** Your task **
Drop every picture, then print the rest of the listing exactly as given.

** Data shown **

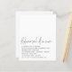 予算スクリプト白黒リハーサルディナーより小さい4.5インチx 5.6インチ代替の予算価格。半光沢110 lbカードストックで利用可能)。ヘッダーはセットの手書きエレガントスタイルに含まれ、その下に詳細がある。トップには白宇宙がコンテンポラリー感じ!情報で簡単にパーソナライズ。
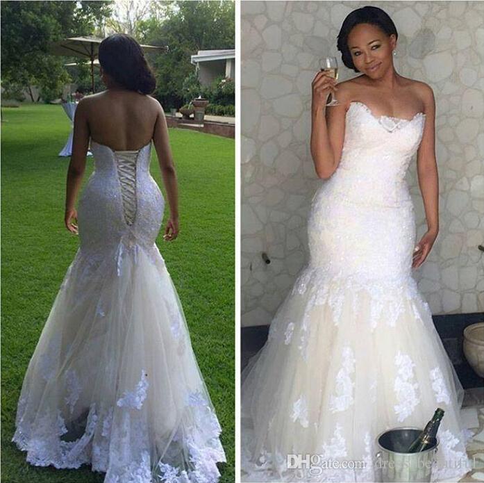 White Lace Mermaid Wedding Dresses Plus Size Bodice Corset Lace Up Back Sleeveless Wedding Gowns Sweep Train Bridal Dress
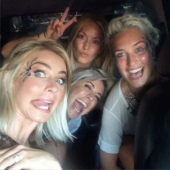 Dancer/actress Julianne Hough’s 5-carat-plus engagement ring from Lorraine Schwartz can’t help but catch the light in this Instagram shot! The Dancing With The Stars judge is engaged to hockey player Brooks Laich.
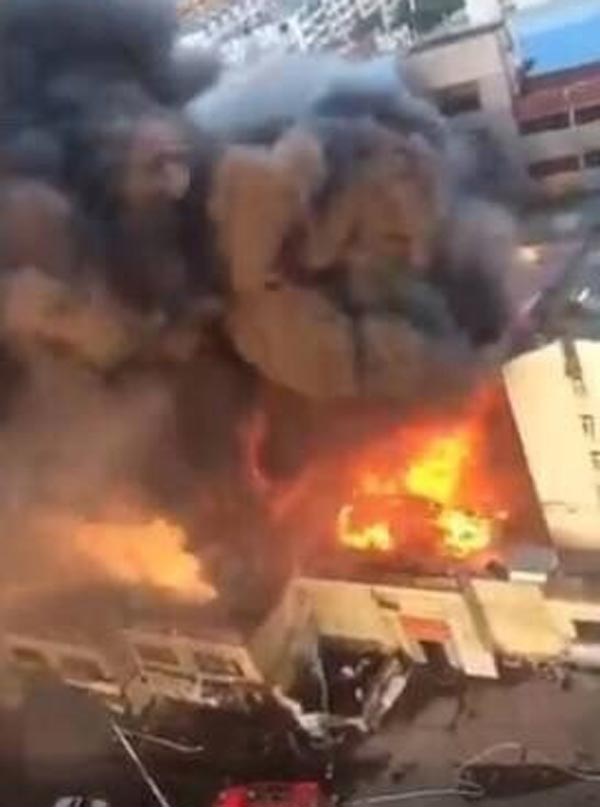 记者现场在现场看到,6点半左右,警方的封锁警戒线又从灯具城附近,向外延伸了一段距离,接近胜利西街。7点40分左右,仍能看到滚滚黑烟。
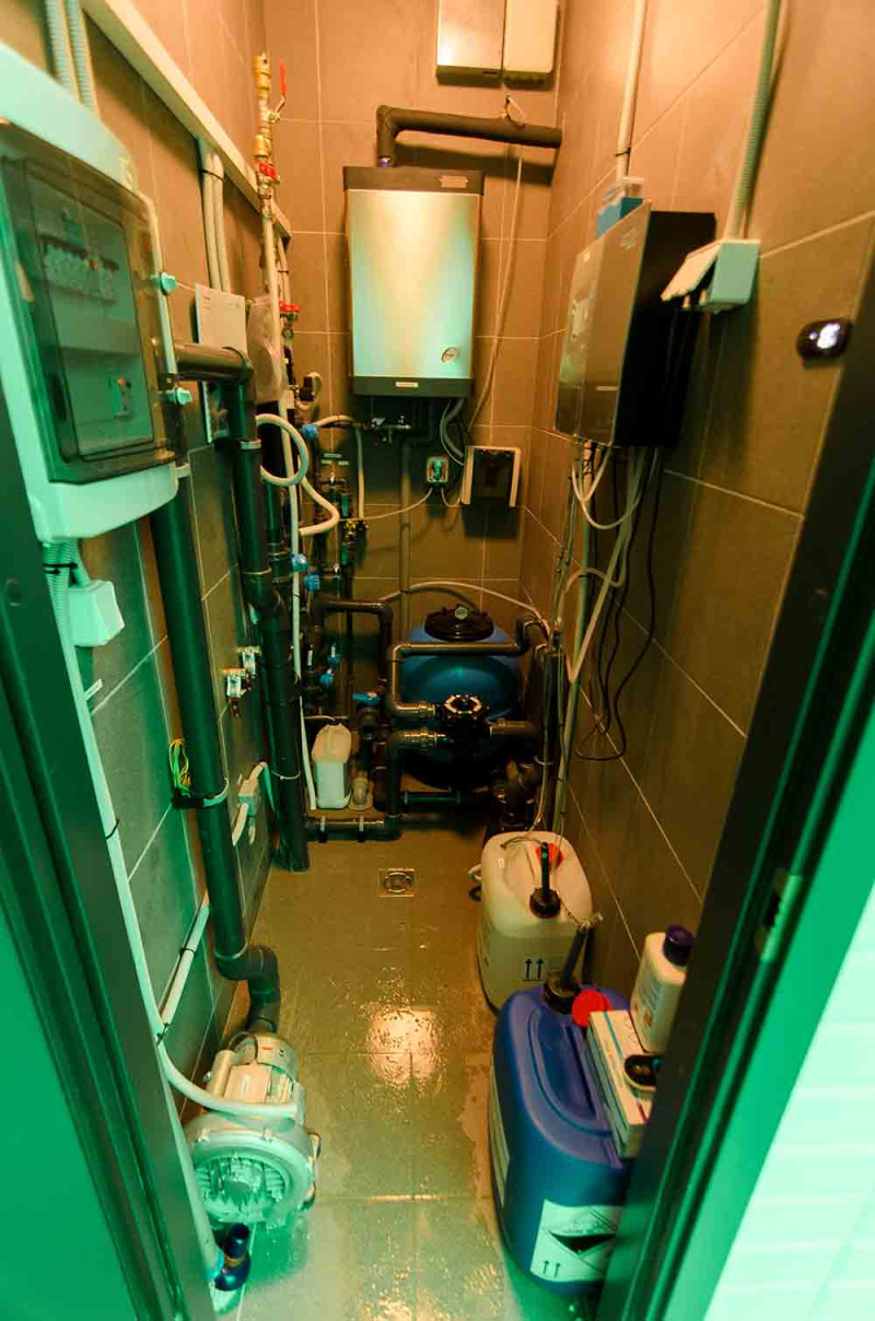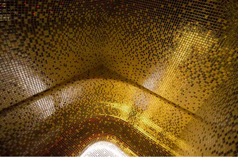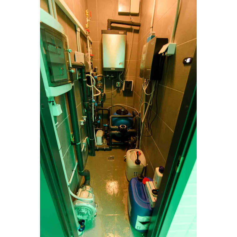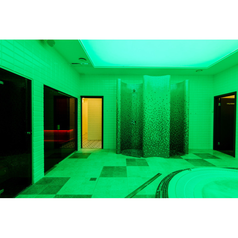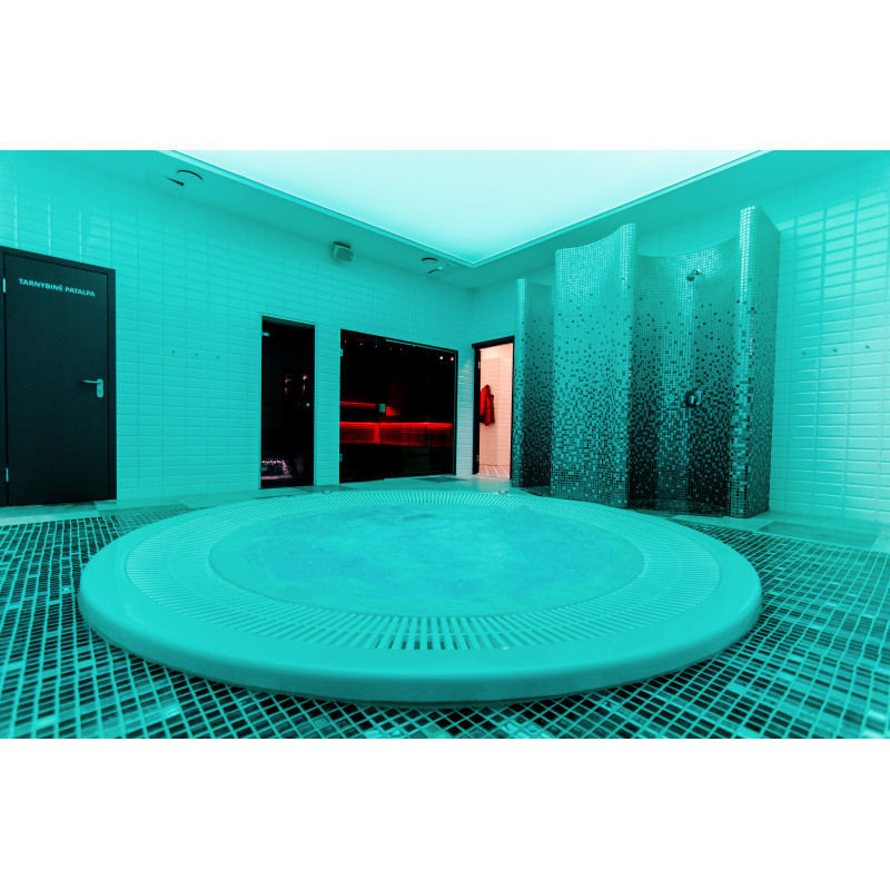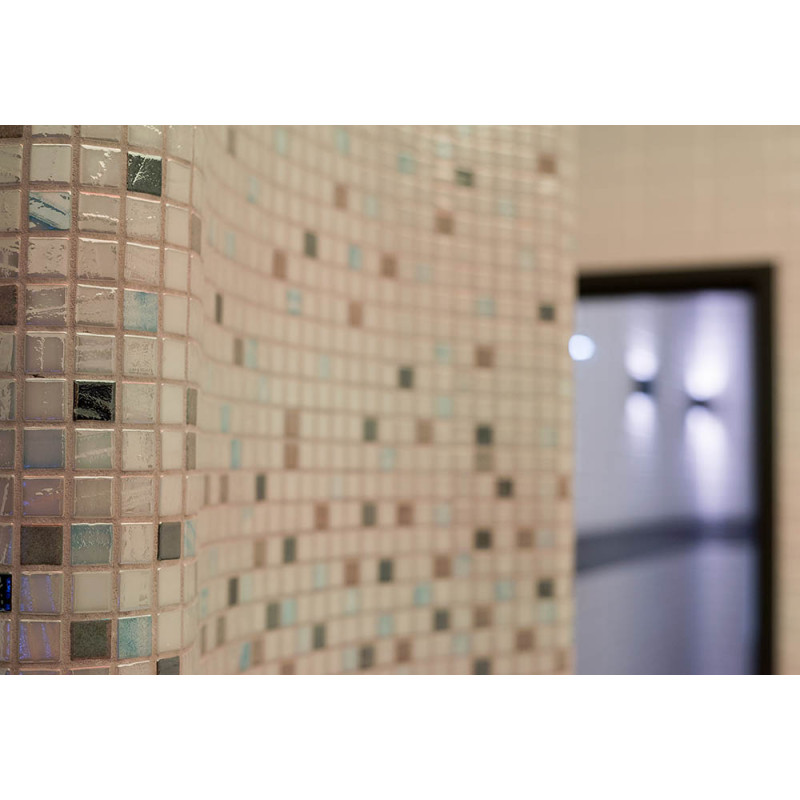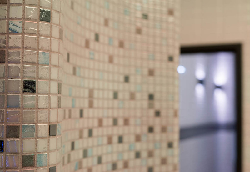 Die Innenflächen des Dampfbades werden nach individuellem Projekt aus expandiertem Polystyrol unter Verwendung von endlos geschnittenem EPS-Styrol geformt. Verklebte Mosaikfliesen, der Krümmung angepasst und mit grauer Schonox Abdichtung gefüllt. Der Boden des Raumes ist beheizt. Türen - Aluminiumrahmen, gehärtetes getöntes Glas. Dampfbadausstattung:

** Solution **
 予算スクリプト白黒リハーサルディナーより小さい4.5インチx 5.6インチ代替の予算価格。半光沢110 lbカードストックで利用可能)。ヘッダーはセットの手書きエレガントスタイルに含まれ、その下に詳細がある。トップには白宇宙がコンテンポラリー感じ!情報で簡単にパーソナライズ。
 White Lace Mermaid Wedding Dresses Plus Size Bodice Corset Lace Up Back Sleeveless Wedding Gowns Sweep Train Bridal Dress
 Dancer/actress Julianne Hough’s 5-carat-plus engagement ring from Lorraine Schwartz can’t help but catch the light in this Instagram shot! The Dancing With The Stars judge is engaged to hockey player Brooks Laich.
 记者现场在现场看到,6点半左右,警方的封锁警戒线又从灯具城附近,向外延伸了一段距离,接近胜利西街。7点40分左右,仍能看到滚滚黑烟。
 Die Innenflächen des Dampfbades werden nach individuellem Projekt aus expandiertem Polystyrol unter Verwendung von endlos geschnittenem EPS-Styrol geformt. Verklebte Mosaikfliesen, der Krümmung angepasst und mit grauer Schonox Abdichtung gefüllt. Der Boden des Raumes ist beheizt. Türen - Aluminiumrahmen, gehärtetes getöntes Glas. Dampfbadausstattung:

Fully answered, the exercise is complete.